Day Two Transcript:  September 17, 2009 (includes Judge Womble's decision, ruling from the bench)


WASHINGTON

Stroud's Auto Rebuild, Inc. v. Safeco Insurance Co.,
Pierce Cty., WA, Superior Court, Case # 09-2-07665-6
(Dec. 6, 2010)

Independent collision repair facility's right to recover lost profit against insurer who persuaded insured to patronize insurer "preferred repair facility" on claim of tortious interference with contract/business expectancy.

Stroud's Auto Rebuild, Inc. Arbitration Brief  (Nov. 16, 2010)
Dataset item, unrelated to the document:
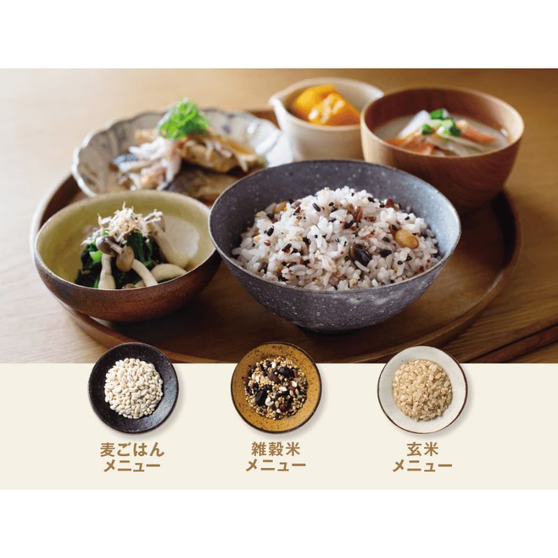 ビタミン、ミネラル、食物繊維など様々な栄養素をとることのできる雑穀米をはじめ、もち麦や押し麦、玄米をおいしく炊き上げることができます。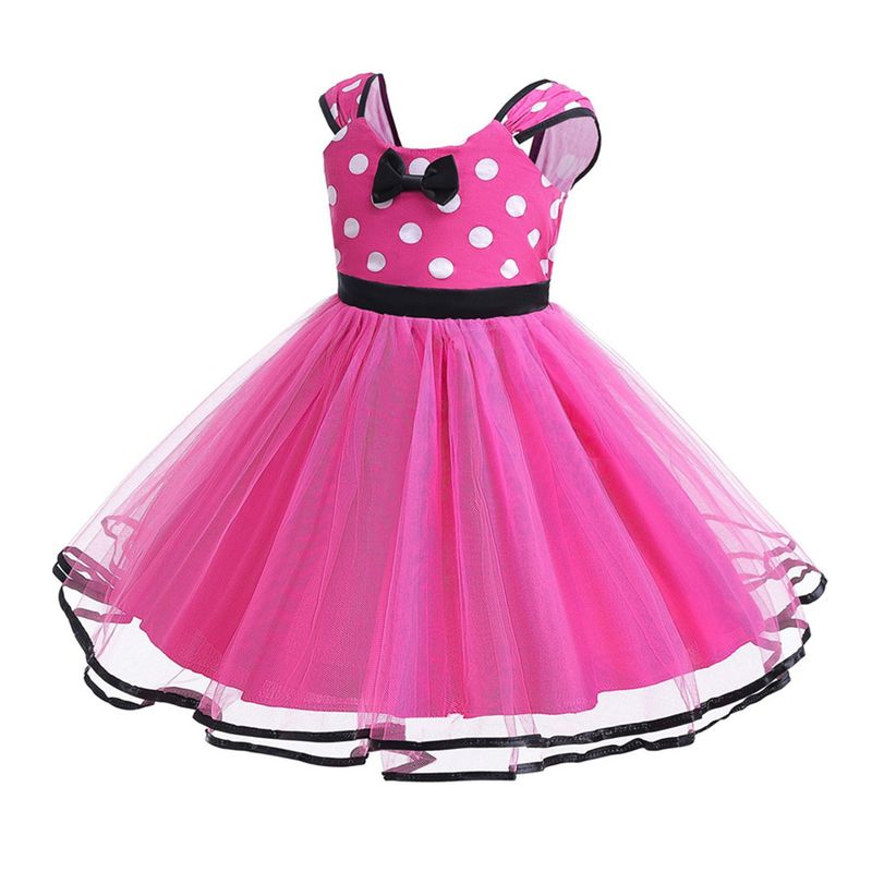 Disney Minnie Mouse Polka Dot Dress Girls Pink Red Summer Clothes Children Birthday Carnival Xmas Party Bow Mesh Gown Costumes

Safeco Insurance Co. Arbitration Brief  (Nov. 17, 2010)

 Decker v. Safeco Insurance Co., Appraisal Clause Arbitration, Seattle, WA, Reference # 1160017034 (Dec. 11, 2007)

Insured invoked appraisal clause under insurance policy to address insurer's refusal to pay entire cost of repairs by BMW-approved collision repair facility amounting to $12,352.15.  Insurer argued $46/body labor was "prevailing competitive price" in Seattle, WA marketplace and submitted its Prevailing Rate Survey" for "Independent Repair Facilities" in support.  Decker submitted a detailed analysis demonstrating that Safeco's survey did not comply with proper statistical and survey methods, contained inaccurate information, and identied results of separate 2007 Benchmarking Survey of posted rates for independent repair facilities to be $53.18/body labor.  Umpire rejected insurer's rate survey stating it was flawed, found repairer's bill proper, and awarded damages to insured including payment of attorney fees.